When a man effectively leads his family and follows Biblical principles, the result is harmony, peace and fulfillment. It doesn't mean there are never any problems, what it does however provide, is the right formula for success. God promises that families that follow His plan will be blessed. If the man fulfills His God-given role as a husband and father, he ultimately ensures the health and well being of his wife and children.
The Role of Fathers in Today's Culture
Unfortunately today most men don't understand the importance of God's family structure. Men are sadly relinquishing their headship role in an alarming rate, in pursuit of material success. This has left an undue burdened on wives and results in less time with the children. It seems that in today's family formula anything goes. Any relationship role is acceptable, in any manner or form deemed time efficient, culturally acceptable and personally pleasing. As a result, for the last several decades, we have begun to see its effect on the family structure. So, how have modern social and economic formulas changed the role of the father?

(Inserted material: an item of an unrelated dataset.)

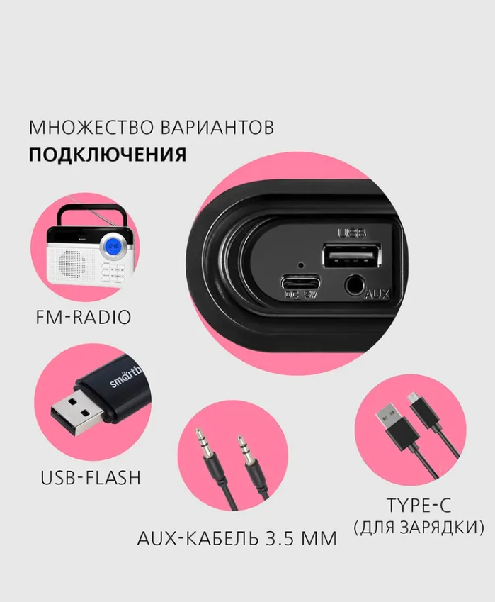 Описание Портативная колонка Smartbuy HERO, 16Вт, Bluetooth, FM, USB, красный (SBS-5290)

Before the industrial revolution, fathers often worked side by side with their sons and instruct their children in spiritual values. When industrialization took over the American landscape, fathers left their farms and headed to the factories. Fourteen to sixteen hour workdays set the stage for the absentee father. Fatherhood eventually came to be regarded as the breadwinner who fulfilled their parental duties by providing. They also led the family in establishing moral values and saw to the religious education of their children.

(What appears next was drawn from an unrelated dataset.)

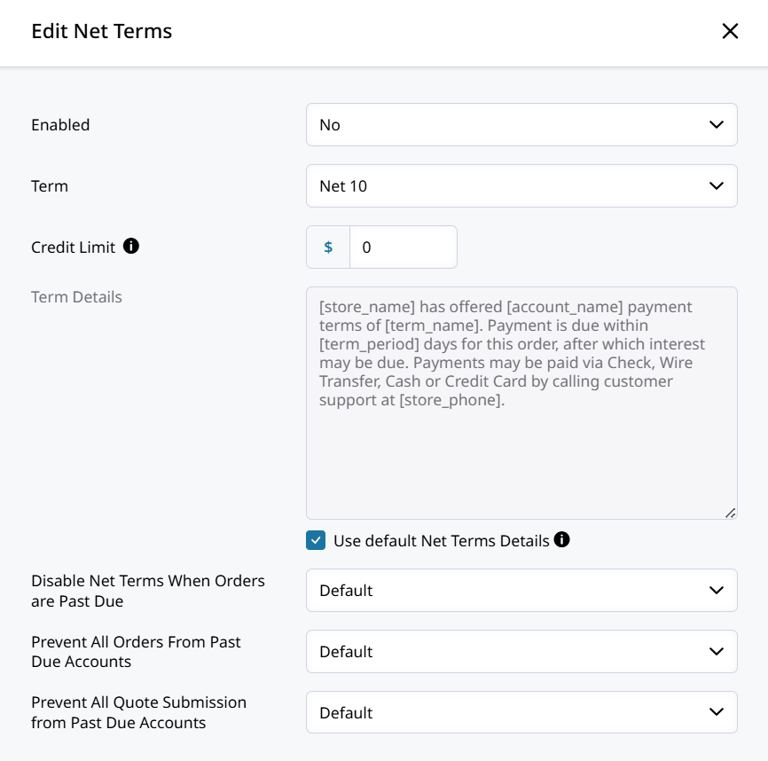 Then in the Edit Net Terms tab, specify the Term, Credit Limit and Term Details. You may also disable Net Terms when orders are past due.

The time spent away from the family began to erode the father's most important role, headship. Children began to relay more on the mother for their physical and spiritual instruction. Conversely, with more time away from their family, men were drawn to and influenced by alternate lifestyles which led to a sharp increase in abandonment, illegitimacy and necessitated the development of welfare programs to assist the women and children affected.
In more recent decades, the changing role of women has had the greatest impact on the role of the father. Between 1948-2001, working age women employed or looking for work nearly doubled from less than 33% to more than 60%. The increase in their financial independence made the financial leadership of the father less important. The increase rate of divorce , remarriage and childbirth outside of marriage, have resulted in a transition from the Biblical role of a father to multiple and undefined roles. Today's fathers have been forced to take on roles vastly different than the one God originally designed.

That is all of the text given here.